Mrs. Menendez pointed another warning at Nick, but talked to me.

“Well, you wanted extra credit, Mr. Hooks. This is it. And this time you'd better do it. I believe you have a few academic areas that could use help.”

What she meant, though she didn't know it, was that I'd had a better-than-average cooking year, devoting hours and hours to technique, craft, and original recipes. Unfortunately, since there are only twenty-four hours in a day, this also meant a worse-than-average school year. I was just getting by in most subjects, doing worse in
Spanish, and outright failing math. Coincidentally, these were the two classes I had with Mrs. Menendez, plus homeroom. At least homeroom wasn't graded, though I suspected that, even now, a suggestion in her eerily perfect penmanship was sitting in the principal's in-box.

“Take care of your baby for ten days,” she continued, “bring her back unharmed, and I'll add . . . three points each to your math and your Spanish grades. Miss Rogers has agreed to do the same for science. She thinks you need a lesson in responsibility.”
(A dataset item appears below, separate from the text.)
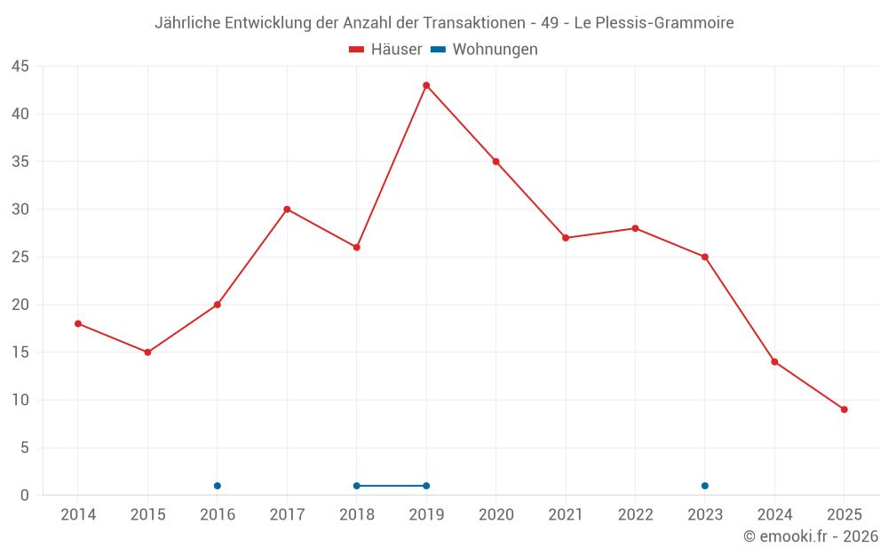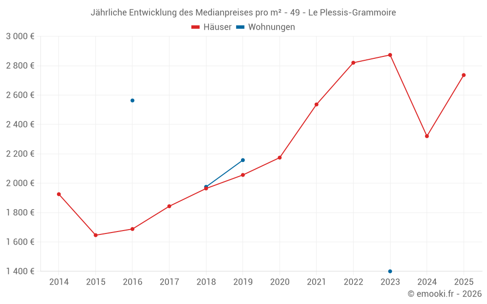 Der Durchschnittspreis auf den 20 Hausgeschäften der letzten 12 Monate in der Gemeinde Le Plessis-Grammoire betrug 2 394 € pro Quadratmeter für einen mittleren Immobilienwert von 299 970 €. Über diesen Zeitraum hinweg lagen 60% der Transaktionen zwischen 2 005 und 2 896 € pro Quadratmeter (vom 2. bis zum 8. Dezil).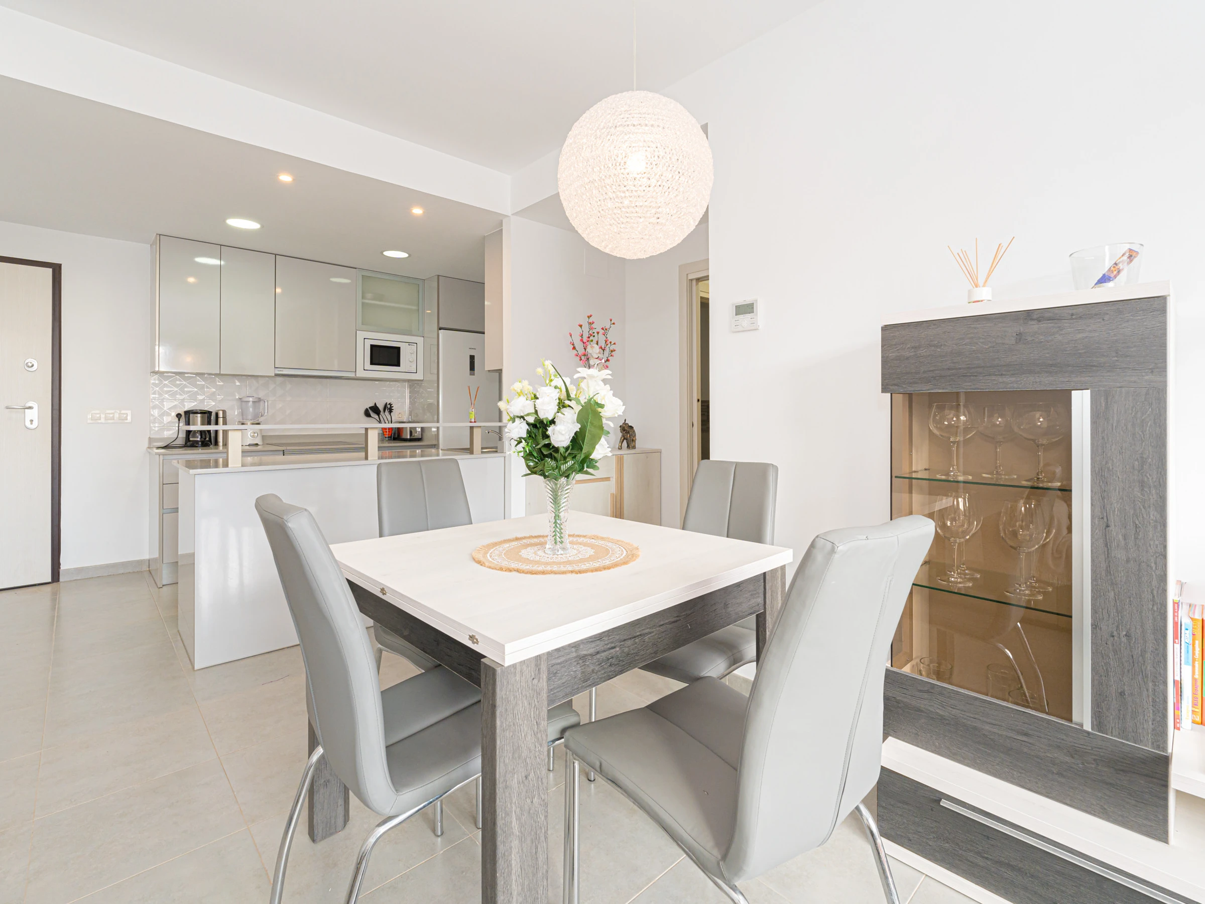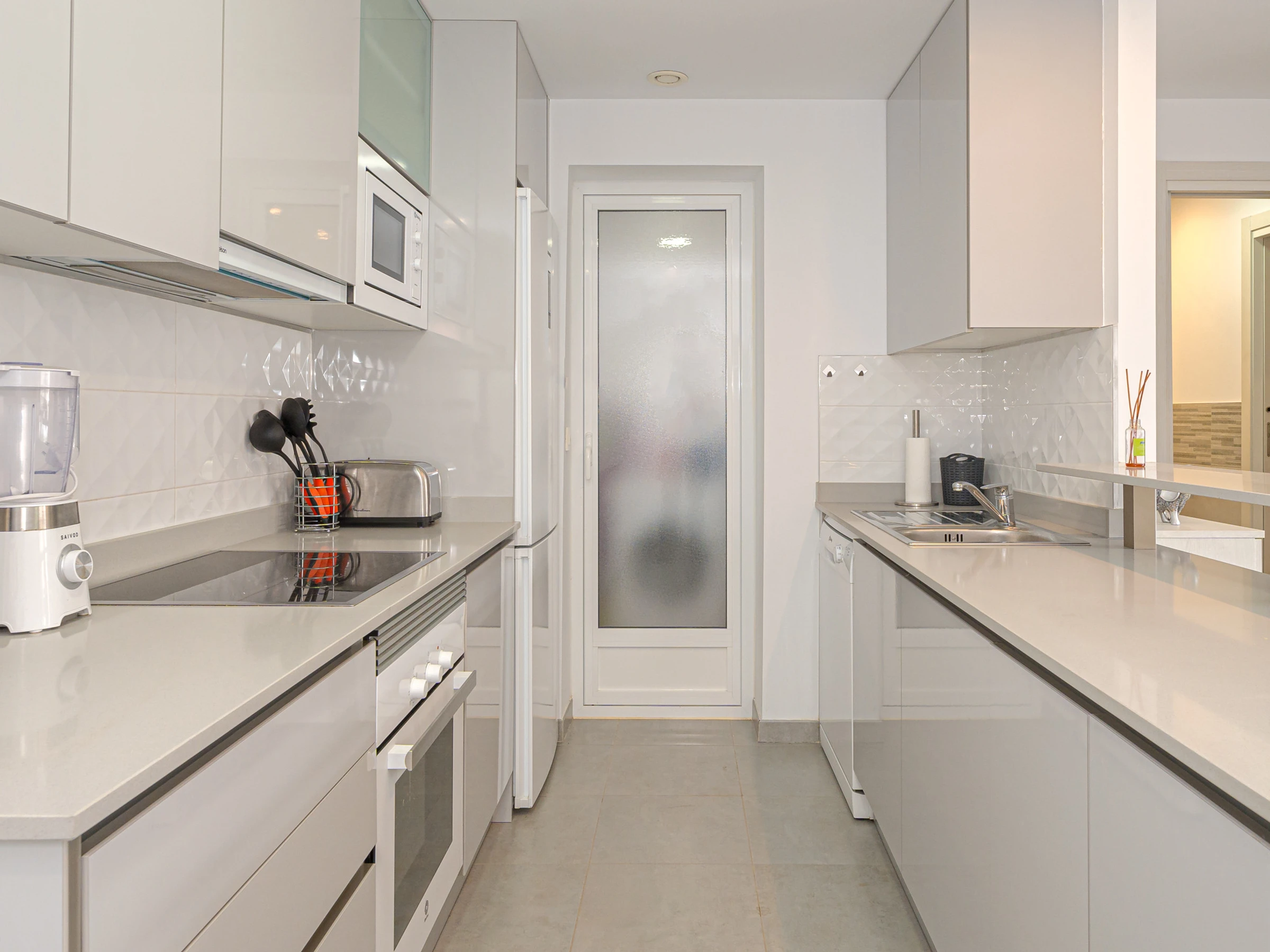 La cuisine américaine, à vitrocéramique, est équipée avec réfrigérateur, micro-ondes, four, congélateur, lave-vaisselle, vaisselle/couverts, ustensiles/cuisine, cafetière, grille pain, bouilloire et presse-agrumes.

“Miss Rogers would do that for me, after Harry?”

“What did you expect, revenge? None of us, yourself included, I'm sure, want you back here next year.”

I looked down at the bag. Did I want to do it? Absolutely not! But three points each would bring Spanish and science up to my usual C. Most important, it would bring math up to a D. If I didn't do it, I faced summer school for sure, maybe even repeating eighth grade.

Not
go to high school next year? It was unthinkable. How could I get early admission into the Culinary Institute of America if I had to repeat eighth grade? I bet Emeril passed eighth grade . . . Wolfgang Puck . . . Julia Child. . . .

My mental roll call of cooking greats was interrupted by a nasal whine.

“Can we all get the same extra credit?” Judy Boynton waved her hand eagerly.

With Mrs. M. as teacher, Judy's grades had nose-dived
this year, too—from A+ to A. She had cried at every report card. Now her eyes were shiny with envy as she stared at the flour sack.

“Why, yes,” Mrs. Menendez said. “Everyone is eligible for extra credit. You do realize, however, that each of you has a
different
lesson that needs to be learned. Tell me, Miss Boynton, do you want me to think of a very special project, just for you?”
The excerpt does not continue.